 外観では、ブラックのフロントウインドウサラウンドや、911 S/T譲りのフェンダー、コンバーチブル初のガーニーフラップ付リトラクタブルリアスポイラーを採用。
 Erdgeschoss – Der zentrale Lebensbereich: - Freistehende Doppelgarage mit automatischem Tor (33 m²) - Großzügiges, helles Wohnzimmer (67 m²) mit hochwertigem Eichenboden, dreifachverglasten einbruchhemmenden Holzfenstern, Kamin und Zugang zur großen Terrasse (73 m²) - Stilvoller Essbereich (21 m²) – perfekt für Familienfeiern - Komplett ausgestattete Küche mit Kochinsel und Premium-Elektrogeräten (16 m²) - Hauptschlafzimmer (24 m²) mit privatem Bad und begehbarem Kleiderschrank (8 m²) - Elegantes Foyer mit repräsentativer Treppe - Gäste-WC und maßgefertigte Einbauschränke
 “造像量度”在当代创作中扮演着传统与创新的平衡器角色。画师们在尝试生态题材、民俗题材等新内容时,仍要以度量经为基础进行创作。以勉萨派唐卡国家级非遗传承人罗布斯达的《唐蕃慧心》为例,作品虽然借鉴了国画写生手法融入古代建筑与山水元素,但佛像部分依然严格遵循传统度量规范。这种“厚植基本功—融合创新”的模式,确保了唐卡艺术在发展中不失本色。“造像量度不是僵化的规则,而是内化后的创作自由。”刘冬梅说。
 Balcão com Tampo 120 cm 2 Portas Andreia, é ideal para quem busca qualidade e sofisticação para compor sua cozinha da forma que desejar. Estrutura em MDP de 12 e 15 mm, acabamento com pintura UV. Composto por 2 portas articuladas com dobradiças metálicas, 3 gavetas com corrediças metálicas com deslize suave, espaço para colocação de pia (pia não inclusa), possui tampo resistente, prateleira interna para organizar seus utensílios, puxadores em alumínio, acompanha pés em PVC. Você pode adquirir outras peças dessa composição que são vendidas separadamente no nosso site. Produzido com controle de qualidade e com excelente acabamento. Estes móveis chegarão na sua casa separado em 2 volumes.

★ ★ ★ ★ ★

Word for word, set down all the lines above.

 外観では、ブラックのフロントウインドウサラウンドや、911 S/T譲りのフェンダー、コンバーチブル初のガーニーフラップ付リトラクタブルリアスポイラーを採用。
 Erdgeschoss – Der zentrale Lebensbereich: - Freistehende Doppelgarage mit automatischem Tor (33 m²) - Großzügiges, helles Wohnzimmer (67 m²) mit hochwertigem Eichenboden, dreifachverglasten einbruchhemmenden Holzfenstern, Kamin und Zugang zur großen Terrasse (73 m²) - Stilvoller Essbereich (21 m²) – perfekt für Familienfeiern - Komplett ausgestattete Küche mit Kochinsel und Premium-Elektrogeräten (16 m²) - Hauptschlafzimmer (24 m²) mit privatem Bad und begehbarem Kleiderschrank (8 m²) - Elegantes Foyer mit repräsentativer Treppe - Gäste-WC und maßgefertigte Einbauschränke
 “造像量度”在当代创作中扮演着传统与创新的平衡器角色。画师们在尝试生态题材、民俗题材等新内容时,仍要以度量经为基础进行创作。以勉萨派唐卡国家级非遗传承人罗布斯达的《唐蕃慧心》为例,作品虽然借鉴了国画写生手法融入古代建筑与山水元素,但佛像部分依然严格遵循传统度量规范。这种“厚植基本功—融合创新”的模式,确保了唐卡艺术在发展中不失本色。“造像量度不是僵化的规则,而是内化后的创作自由。”刘冬梅说。
 Balcão com Tampo 120 cm 2 Portas Andreia, é ideal para quem busca qualidade e sofisticação para compor sua cozinha da forma que desejar. Estrutura em MDP de 12 e 15 mm, acabamento com pintura UV. Composto por 2 portas articuladas com dobradiças metálicas, 3 gavetas com corrediças metálicas com deslize suave, espaço para colocação de pia (pia não inclusa), possui tampo resistente, prateleira interna para organizar seus utensílios, puxadores em alumínio, acompanha pés em PVC. Você pode adquirir outras peças dessa composição que são vendidas separadamente no nosso site. Produzido com controle de qualidade e com excelente acabamento. Estes móveis chegarão na sua casa separado em 2 volumes.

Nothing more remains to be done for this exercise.